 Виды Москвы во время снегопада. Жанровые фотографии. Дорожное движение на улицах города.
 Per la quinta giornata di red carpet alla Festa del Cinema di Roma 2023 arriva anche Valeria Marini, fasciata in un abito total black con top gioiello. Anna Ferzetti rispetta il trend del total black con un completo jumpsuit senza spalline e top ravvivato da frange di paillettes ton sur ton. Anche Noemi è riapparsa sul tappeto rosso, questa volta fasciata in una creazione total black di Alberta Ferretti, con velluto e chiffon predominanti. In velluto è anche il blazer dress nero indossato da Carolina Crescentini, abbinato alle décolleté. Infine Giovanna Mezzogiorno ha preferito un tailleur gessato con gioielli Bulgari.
++++++
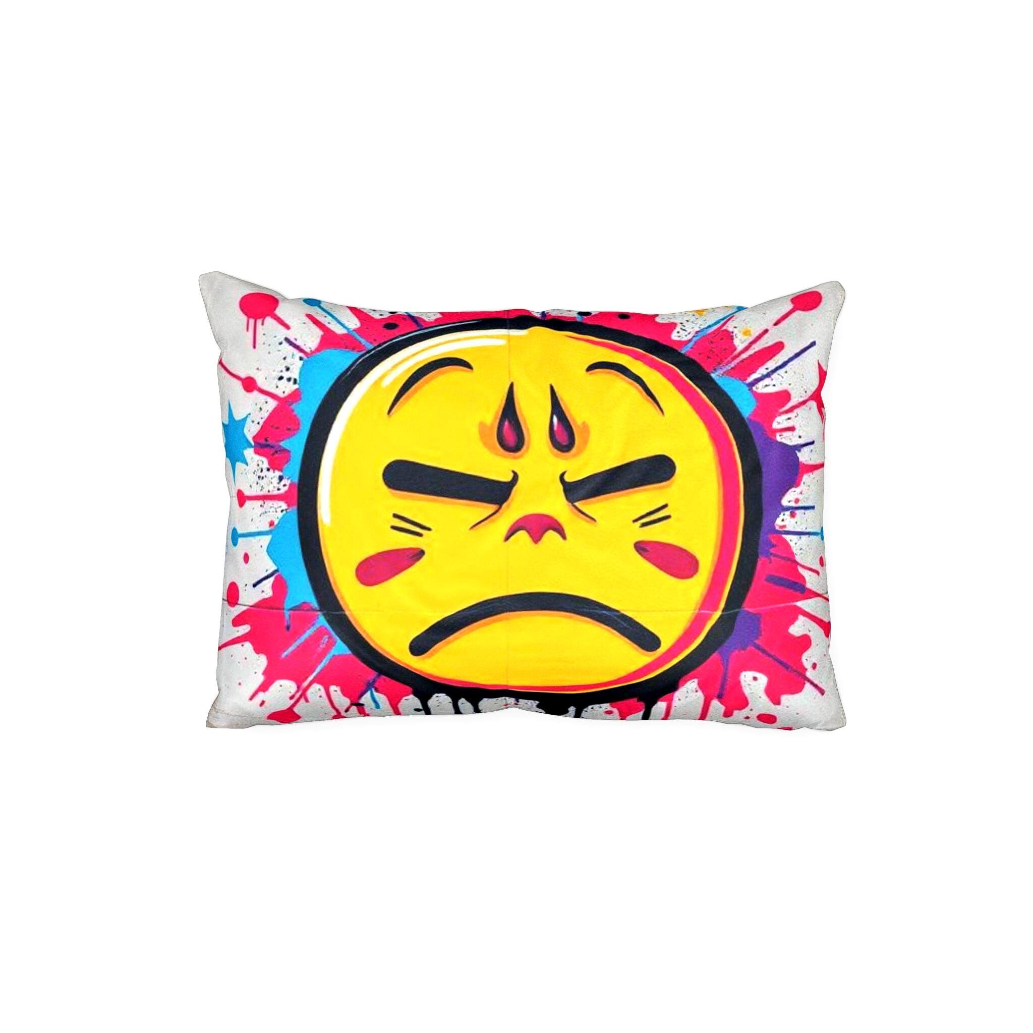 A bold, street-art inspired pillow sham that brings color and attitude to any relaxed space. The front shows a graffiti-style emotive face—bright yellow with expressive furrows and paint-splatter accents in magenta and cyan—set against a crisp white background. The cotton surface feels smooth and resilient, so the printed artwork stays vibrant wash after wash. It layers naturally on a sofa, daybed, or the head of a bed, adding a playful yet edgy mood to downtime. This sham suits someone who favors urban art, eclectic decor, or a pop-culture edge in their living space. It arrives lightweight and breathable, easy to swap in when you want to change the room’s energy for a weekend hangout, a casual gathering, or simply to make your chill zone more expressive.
++++++
> What to produce
From the material above, retype precisely the lines between the line holding "Виды Москвы во" and the line holding "Per la quinta", inclusive, and nothing beyond them.

> Completed exercise
 Виды Москвы во время снегопада. Жанровые фотографии. Дорожное движение на улицах города.
 Per la quinta giornata di red carpet alla Festa del Cinema di Roma 2023 arriva anche Valeria Marini, fasciata in un abito total black con top gioiello. Anna Ferzetti rispetta il trend del total black con un completo jumpsuit senza spalline e top ravvivato da frange di paillettes ton sur ton. Anche Noemi è riapparsa sul tappeto rosso, questa volta fasciata in una creazione total black di Alberta Ferretti, con velluto e chiffon predominanti. In velluto è anche il blazer dress nero indossato da Carolina Crescentini, abbinato alle décolleté. Infine Giovanna Mezzogiorno ha preferito un tailleur gessato con gioielli Bulgari.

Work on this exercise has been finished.